Cara Melepaskan Emosi yang Terpendam Secara Lebih Sehat

Oleh : Fety Khosianah*)

“Bebaskan dan buatlah ruang baru untuk apa yang baru dan apa yang akan datang. Bebaskan dan nikmati kesenangan untuk tidak mengetahui apa yang akan terjadi. Bebaskan dan terbukalah bagi segala kemungkinan. Bebaskan jika tiba saatnya untuk menghasilkan. Bebaskan, dan dengan melakukannya, raihlah kebebasan. Bebaskan dan menyerahlah pada kedamaian jiwa yang lebih luas.”  (Marie Arapakis, Sufi Power Solutions)

Emosi yang seringkali dipendam oleh seseorangs, bisa menyebabkan menurunnya sistem imunitas tubuh yang menyebabkan sel-sel tumor dan kanker mudah berkembang dengan cepat.

Dalam studi psikoneuroimunologi, bahwa ada keterkaitan erat pada hubungan antara psikologi, neurologi, dan imunologi. Stres psikologis menyebabkan pelepasan noradrenalin dan kortisol. Keduanya mengganggu keseimbangan sel-sel imun, menyebabkan produksi sitokin dan kemokin secara berlebihan, dan menghambat respons normal terhadap kehadiran sel-sel abnormal. Akibatnya sel-sel imun pun melepaskan sitokin dan kemokin yang mempengaruhi otak dan perilaku seseorang. Itulah yang menjadi cikal bakal terjadinya kanker.

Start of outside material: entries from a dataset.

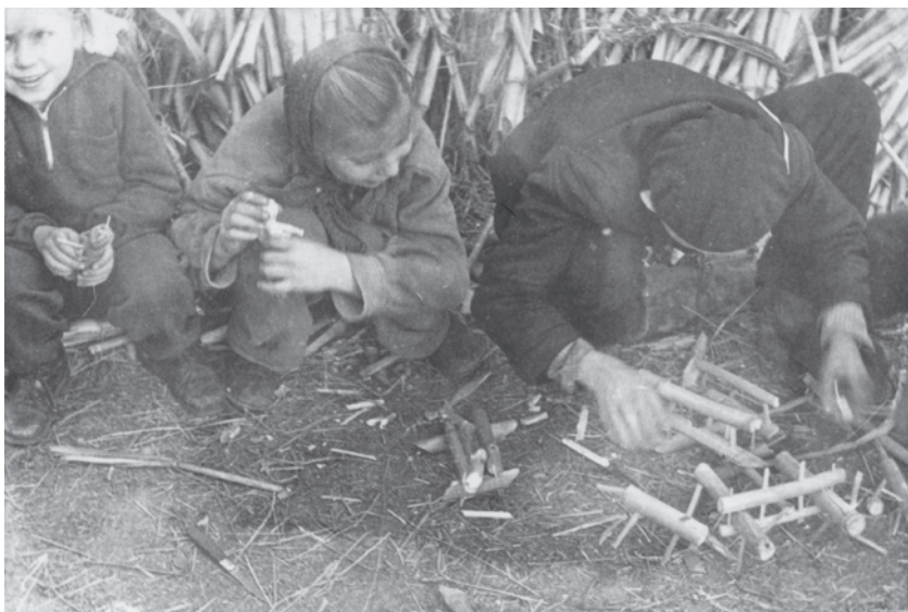
9. kép. Kórójáték-készítés
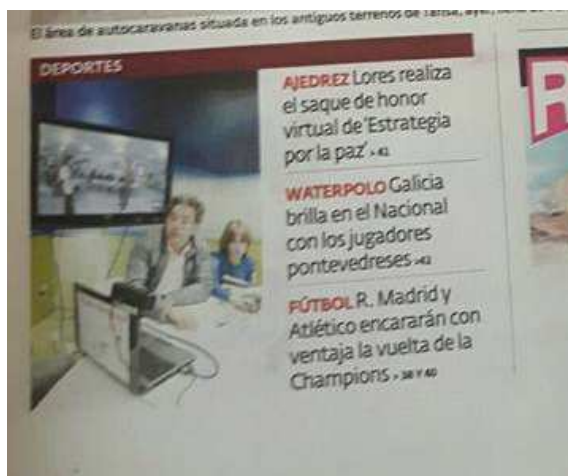
Portada Diario de Pontevedra

“El alcalde da el saque de honor al proyecto ajedrez, estrategia por la paz”
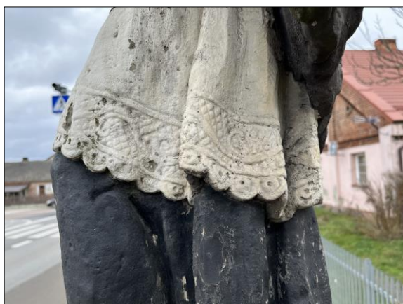
Fot. nr 22. Łochów, Al. Węgrowska, rzeźba św. Jana Nepomucena I poł. XIX w., fragment, str. wsch., stan przed konserwacją, listopad 2022 r.
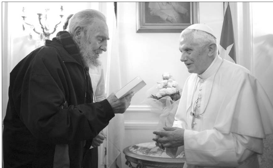
Fidel Castro könyveket kért XVI. Benedek pápától. A jelek szerint a kubai forradalom vezetője meg akar térni

Beszélgetésük során Castro elmondta, hogy a televízióban nézte a pápa kubai miséit, és úgy találta, fiatakkora óta sokat változott a liturgia. A kubai politikus ugyanis ministrált gyerekkorában, és jezsuita iskolába járt. Az egyházfő a szabadság és szabadságjogok témakörét hozta fel. Mivel mindketten 85 évesek, az
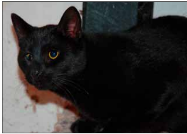
Finaste Tappie är en blind hankatt, intagen från Tomelilla.

På Kattkommando Syds hemsida, kks.nu, hittar du många av katterna på bild under Malmö katthem eller Katter som söker försäkringsfadder.
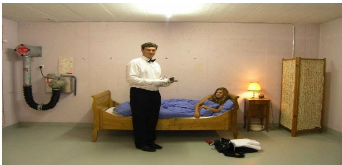
Рисунок 13 – Готель-бункер Null Stern Hotel (Швейцарія)

Ще одним прикладом вдалого використання старих речей є перший у світі нульовий зірковий готель Null Stern Hotel, знаходиться він у місті Тіофен, що у Швейцарії, в основу його було взято занепавший бункер. У ньому не має якихось особливих послуг, окрім ліжка, тумби, світильника, загальної ванни, більше того, тут навіть немає вікон, а стіни автори даного проєкту залишили недоторканими у всій своїй красі (бетонні та ще й неприховані труби). Null Stern Hotel був номінований на кращу інновацію року на Всесвітніх Hospitality Awards (2009), а у 2010 році він був зарахованим до списку 100 кращих готелів Європи (Рис. 13) [5].
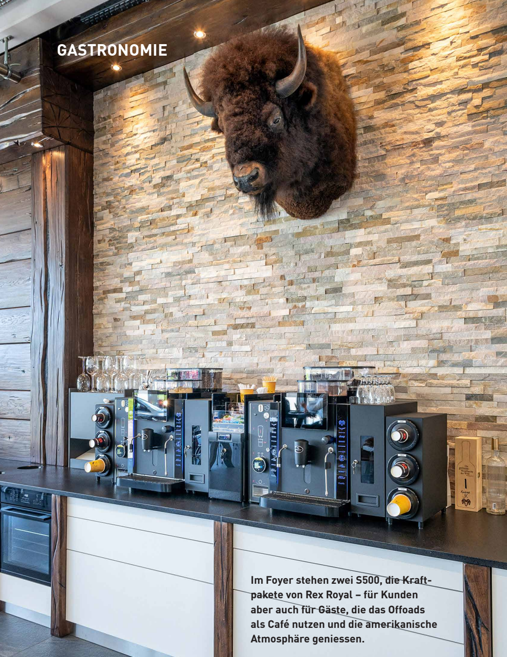
Im Foyer stehen zwei S500, die Kraftpakete von Rex Royal – für Kunden aber auch für Gäste, die das Offroads als Café nutzen und die amerikanische Atmosphäre genießen.
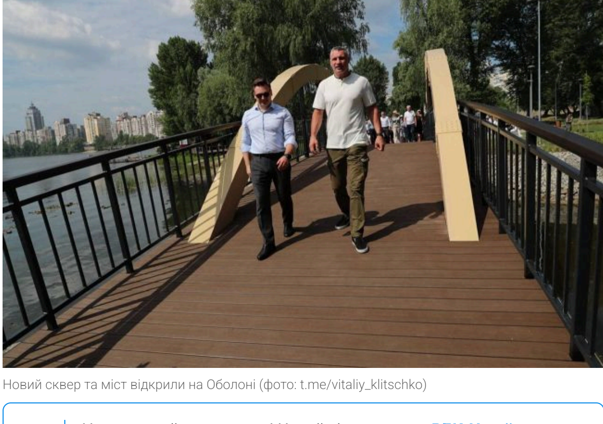
Новий сквер та міст відкрили на Оболоні (фото: L'viv/vitaliy_klitschko)

Не витрачай час на шум! Читай тільки суть з РБК-Україна у Google
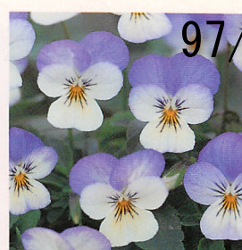
25 Fiビビ スパークブルー
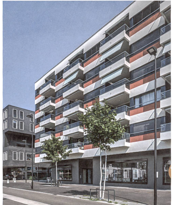
20, 21 «Wright House»

In diesem markanten, mit Klinkerplättchen verkleideten Haus, sind 52 Eigentumswohnungen untergebracht. Vorspringende
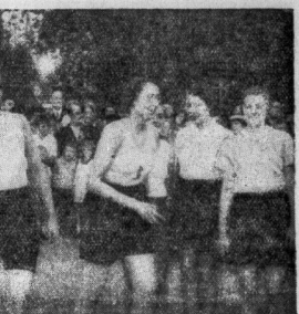
Freuen zeigen beim Schlagballwurf Kraft und Gewandheit
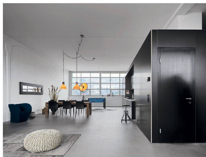
Die kastanienbraunen oder schwarzen «Wohnmöbel» in den Lofts lassen viel Luft zur vier Meter hohen Decke.
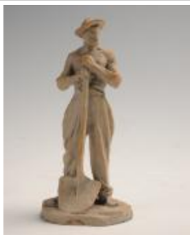
Le Terrassier, travailleur debout tenant une bêche (200925)
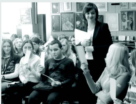
«Дискриминация по признаку пола» Гендерный перекресток с участием психологов и юристов

— «Дискриминация по половому признаку». Гендерный перекресток с участием психологов и юристов.
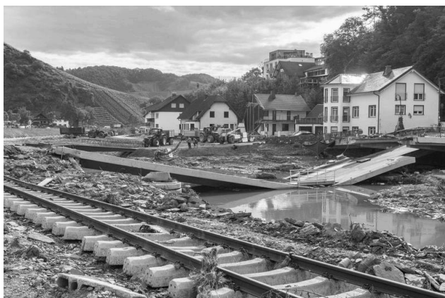
Im Ernst? Hier will die SGD Nord die Brücke wiederaufbauen? Bessere Lösungen liegen auf der Hand. Weinbau Brücke in Dernau.
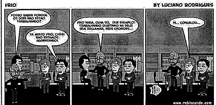
Acesso em 26 de dezembro de 2012.

De acordo com a Teoria dos Dois Fatores de Herzberg, o aspecto destacado na tirinha anteriormente apresentada, quando corretamente gerenciado no ambiente organizacional, é considerado:
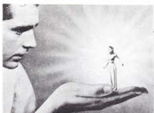
魔法にかかって王女は一寸法師に…
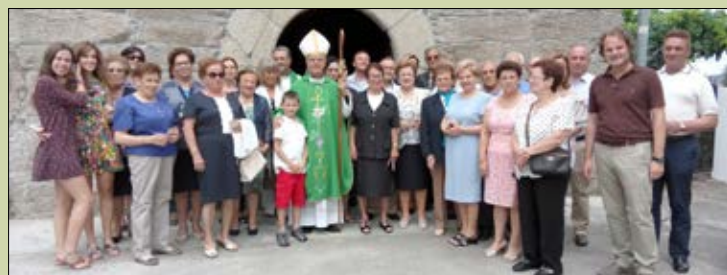
Santa Catalina de A Teixeira
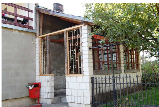
Ryc. 13. Sklep prywatny

Bandysie to wieś o charakterze rolniczym, w której dominującym sposobem gospodarowania jest hodowla bydła mlecznego. Grunty są wykorzystywane jako orne, łąki i pastwiska.
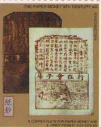
FEDERATED STATE OF MICRONESIA 33¢
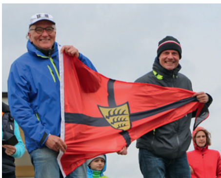
Die Fans zeigen Flagge!

Spannende Wettfahrten erlebten Tausende von Zuschauern in den Uferanlagen von Langenargen, darunter auch eine kleine Fan-Delegation des WYC. Das erste Rennen gewann Jablonski souverän. Dramatisch war der zweite Lauf. Schon in einer extrem
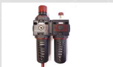
El grupo de filtro de aire de 1/2" asegura la máxima higiene.
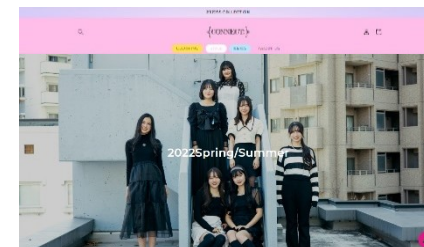
本校のブランドCONNECT:ECサイト トップページ
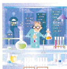
Microsoft Collection Clipart Word 2010

Concept : Créer un jeu d'évasion où chaque énigme résolue (un exercice de mathématiques) donne une pièce d'un puzzle.
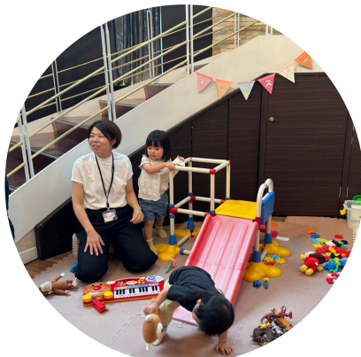
子どもたちはark.のスタッフにお任せ！ 皆の大切な時間、お母さんゆっくり 楽しんでくださいね♪
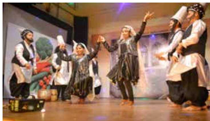
Dance performance by the members of Pink Ladies Forum during the New Year celebrations hosted by the Recreation Club.
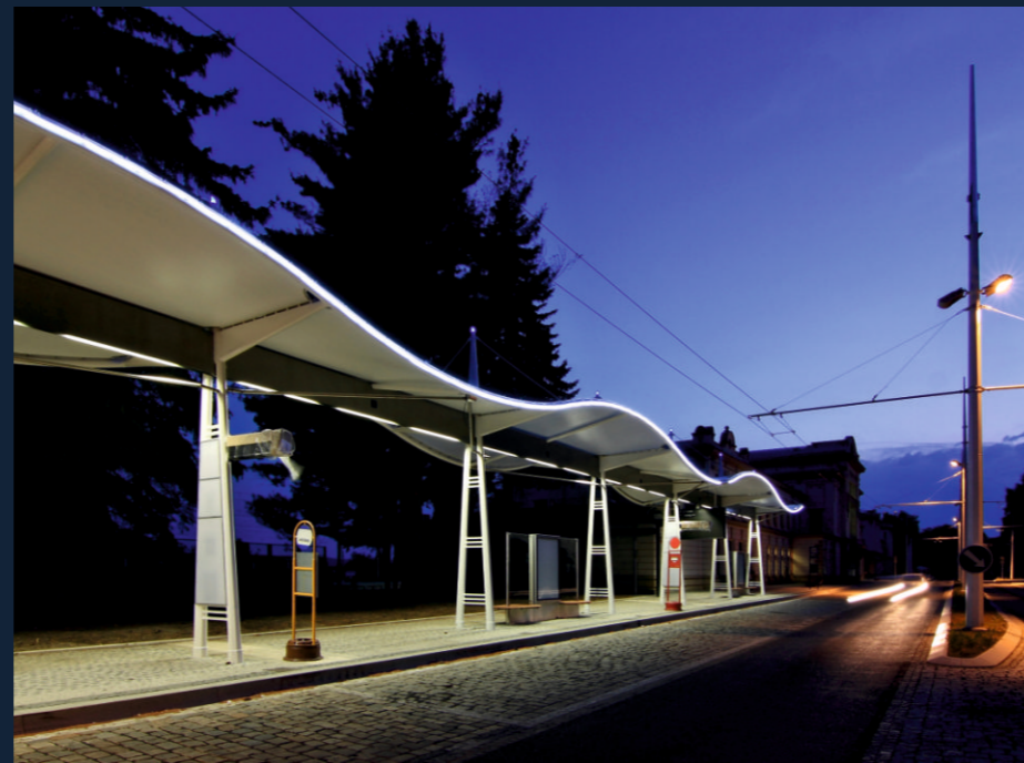
AUTOBUSOVÉ NÁDRAŽÍ | BUS TERMINAL (MARIÁNSKÉ LÁZNĚ, CZ) MEMBRÁNOVÉ ZASTŘEŠENÍ | ROOFING, 450 m 2
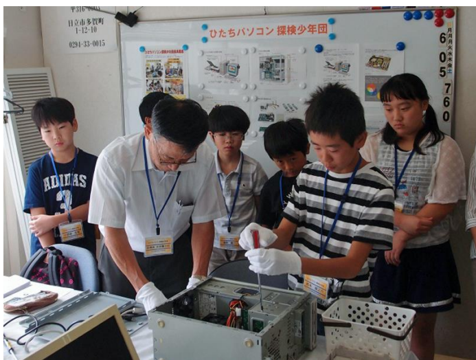
HDD と DVD ドライブ取り外し
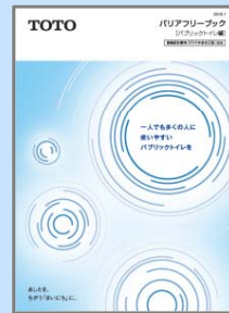
バリアフリーブック パブリックトイレ編

さまざまな身体状況 の方々へ配慮した 水まわりのプラン、 必要寸法、プラン ニングの考え方を掲載 しています。

Riset memperlihatkan bahwa, respon emosi kita mempengaruhi fungsi kekebalan. Seperti yang ditulis oleh Dr. Cass Igram dalam bukunya yang berjudul Eat Right or Die Young, menyebutkan bahwa:

Sedih, gelisah, takut, khawatir, dan marah adalah emosi-emosi yang menimbulkan efek mengerikan pada fungsi tubuh. Para peneliti menemukan bahwa emosi ini menyebabkan pelepasan zat-zat kimia–neuropeptida. Senyawa-senyawa poten ini  memiliki efek menekan kekebalan tubuh yang kuat. Para ilmuwan berhasil menelusuri suatu jalur dari otak ke sel imun (dan dari sistem imun ke otak) yang membuktikan bahwa emosi negatif dapat menyebabkan sel-sel imun berhenti total…. Sekali hal ini terjadi, mikroba yang merugikan dan sel kanker dapat menyerang semua jaringan di tubuh”.

Emosi yang terjadi pada diri seseorang saat menghadapi sebuah kejadian, seperti marah, takut, khawatir, cemas, sedih terkadang tidak mampu diekspresikan dengan leluasa terkait dengan budaya di Indonesia yang melarang anak-anaknya mengekspresikan emosinya secara apa adanya.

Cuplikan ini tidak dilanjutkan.